Report: Burra Charter Review 2013

Monday, December 2, 2013

The Australian national committee of the International Council on Monuments and Sites (Australia ICOMOS) has released a revised edition of its landmark publication The Burra Charter: The Australia ICOMOS Charter for Places of Cultural Significance.

It has also published seven Practice Notes in a new series designed to explain how Burra Charter principles and processes can be applied in practice, and advises that suggestions of topics for further Practice Notes will be welcome. The Practice Notes are easy to read and should encourage greater confidence in using and applying the Burra Charter.

Significance International congratulates Australia ICOMOS on its commitment to maintaining The Burra Charter’s currency. We’re pleased that the revised edition encourages greater consideration of movable cultural heritage in the context of significant places.

Earlier in 2013, we contributed suggestions to the review process for the Burra Charter and several of the Practice Notes. We are pleased to note that the revised Charter:

Significance 2.0 is referenced not only in the Burra Charter, but also as a Primary Resource in two of the Practice Notes: ‘The Burra Charter and Archaeological Practice’ and ‘Undertaking and assessing cultural significance’.
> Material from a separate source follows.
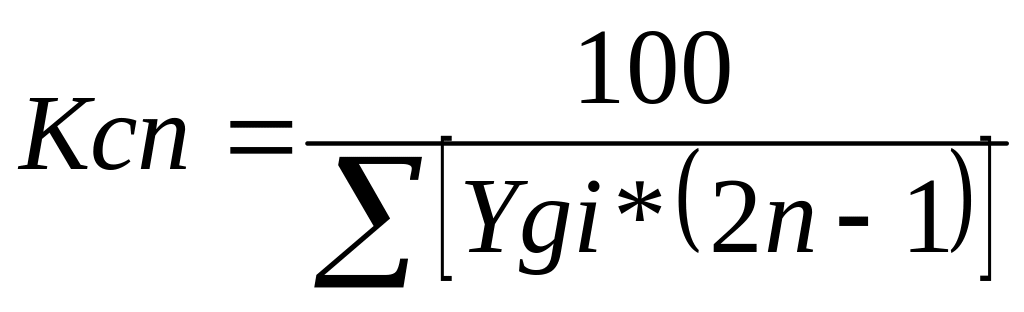 n – порядковый номер отдельных видов продукции по их удельному весу в ранжированном ряду.

The Practice Notes share a similar structure which aids comprehension. Each opens with an introductory statement about its Purpose and concludes with a bibliography of online and print Resources. Most include a section on Terminology or Definitions, Concepts and Principles. The core discussion section is frequently presented under the heading Common Issues, in which a frequently-encountered “Issue” is clearly set in its Burra Charter context, and then is ‘unpacked’ and analysed in a useful Guidance sub-section.
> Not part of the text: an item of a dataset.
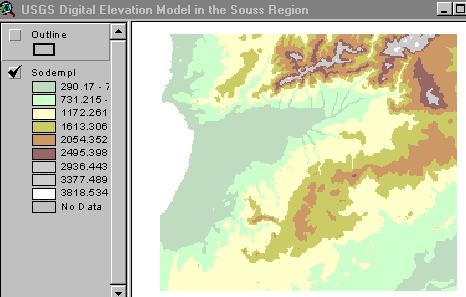 Close this view and open the View delin. You will see the clipped portion of the DEM that we are actually going to use for watershed and stream network delineation of the Souss basin. This DEM originally had a cell size of 30" and was developed by Sue Jenson and her co-workers of the US Geological Survey in Sioux Falls, South Dakota from the Digital Chart of the World. This grid is available for all of Africa on internet, and similar DEMs are also available on internet from the USGS for the other major continents. The DEM shown here was clipped from the Africa continental DEM and projected into a Lambert Conformal Conic projection which is is a standard for this region of Morocco.

Our input appears to have contributed to several minor improvements to the consultation drafts, including the addition of important resources:

Significance International respects The Burra Charter, not least for its influence on the structure of the ‘Significance’ approach for movable cultural heritage. It is largely thanks to The Burra Charter that there is now a successful methodology to underpin the characterisation of the Distributed National Collection and to generate greater awareness of Australia’s significant objects – as described in Significance: a guide to assessing the significance of cultural heritage objects and collections (2001) and its second edition, Significance 2.0: a guide to assessing the significance of collections (2009).

Missed opportunity

At this juncture, the identification and reporting structures for natural and place-based heritage are comparatively highly developed. We applaud the inclusion, indeed expansion, of ‘natural heritage’ in the latest edition of The Burra Charter and feel that this will enhance understanding. By contrast, this edition could have done much more to support movable cultural heritage – objects and collections – as important aspects of place-based significance assessments.
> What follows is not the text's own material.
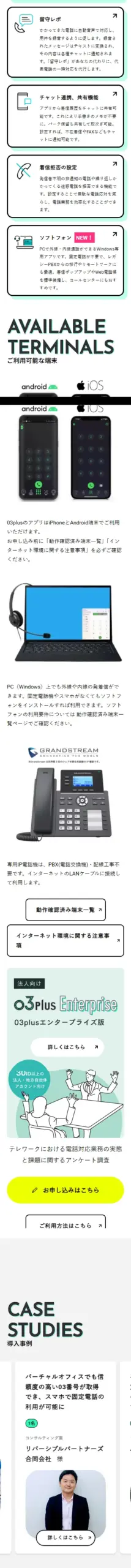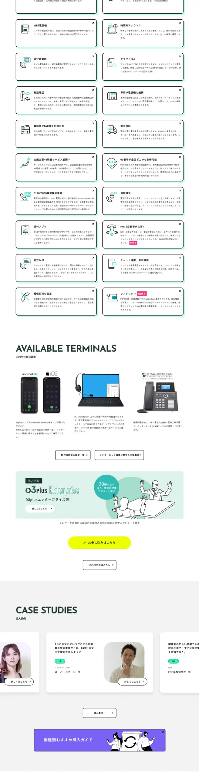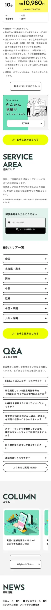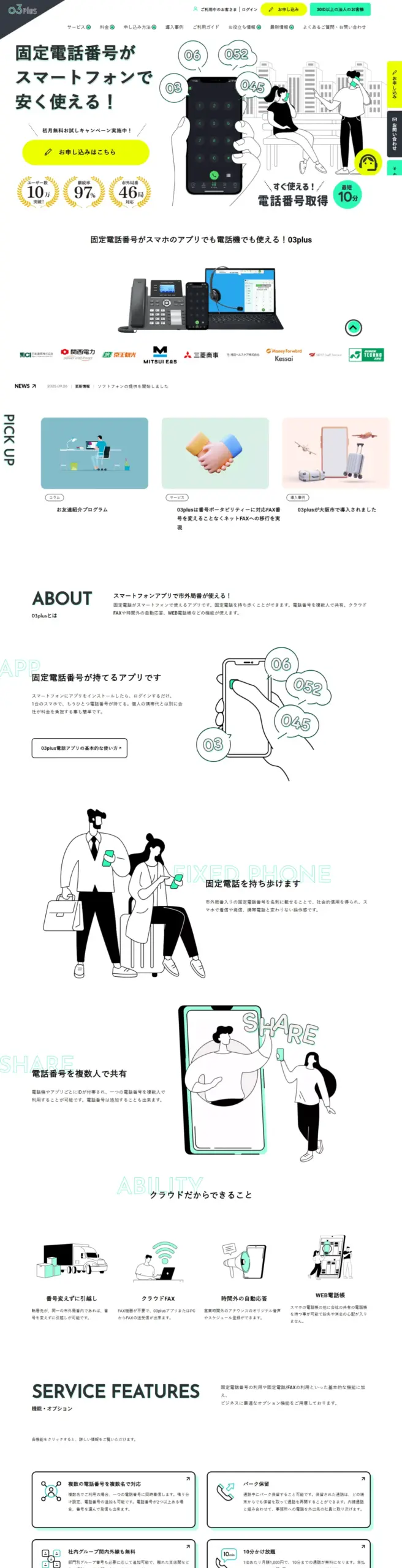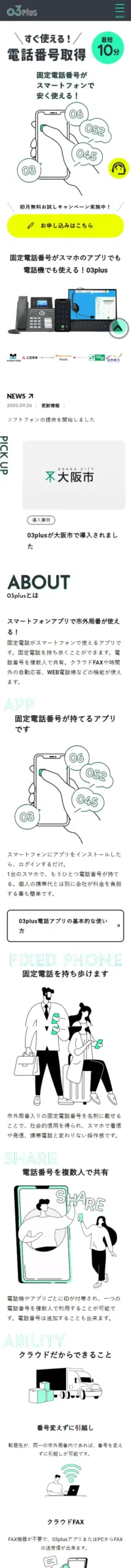 固定電話番号がスマホのアプリでも電話機でも使える!03plus(ゼロサンプラス)最短10分で市外局番の電話番号が取得でき、iPhoneやAndroidスマートフォンの電話アプリで発着信が可能。固定電話機も使用できます。0円スタートプランなら1ヶ月無料でご利用いただけます。12都道府県主要46の市外局番エリア(03番号、06番号など)に対応。

We are disappointed that The Burra Charter’s definition of ‘Cultural significance’ (Article 1.2) has not been updated. Presumptuously, it conflates with ‘place’ a very broad term (‘culture’) that is a fundamental human and societal characteristic. The Burra Charter should acknowledge that cultural significance is expressed in many ways, of which place is one sub-set.

For Australia ICOMOS’s next round of revisions to The Burra Charter and its supporting Practice Notes, we suggest:

  • Including in the Preamble an axiom about the typical tripartite division of heritage into natural, place-based and movable sub-sets. Reference could also be made to how ICOMOS works with equivalent cultural heritage bodies like ICA (International Council of Archives), ICOM (International Council of Museums), IFLA (International Federation of Library Associations and Institutions) and CCAAA (Coordinating Council of Audiovisual Archives Associations) to harmonise actions in response to emergencies through Committees of the Blue Shield. Any other high level collaboration – e.g. with natural heritage colleagues – could be mentioned here.
  • Providing definitions for the terms ‘element’, ‘object’, ‘space’ and ‘views’ – key terms that need interpretation in the light of their close connection with the way ‘place’ is defined (Article 1.1).
  • Giving deeper consideration to the philosophical framework for significance. The Burra Charter states (Article 1.2) that ‘cultural significance is embodied in the place itself’. We suggest that significance cannot be possessed by the place; instead, values and significances are projected by humans onto concepts, memories and substrates.
  • Expanding on the thinking behind the important Explanatory Note at Article 5.1, 'In some cultures, natural and cultural values are indivisible'.
  • Introducing a numbering system for the Practice Notes. At present, referencing must be to the exact title of each Note, and there is no consistency of naming across the ‘family’ of Practice Notes. Some of the titles are quite lengthy and don’t always position the document in the context of The Burra Charter.
  • Including as a Resource for the Practice Note entitled ‘Burra Charter Article 22 – New Work’ the Heritage Council of Victoria’s recent publication of 12 case studies and an issues paper on Industrial Heritage Adaptive Reuse.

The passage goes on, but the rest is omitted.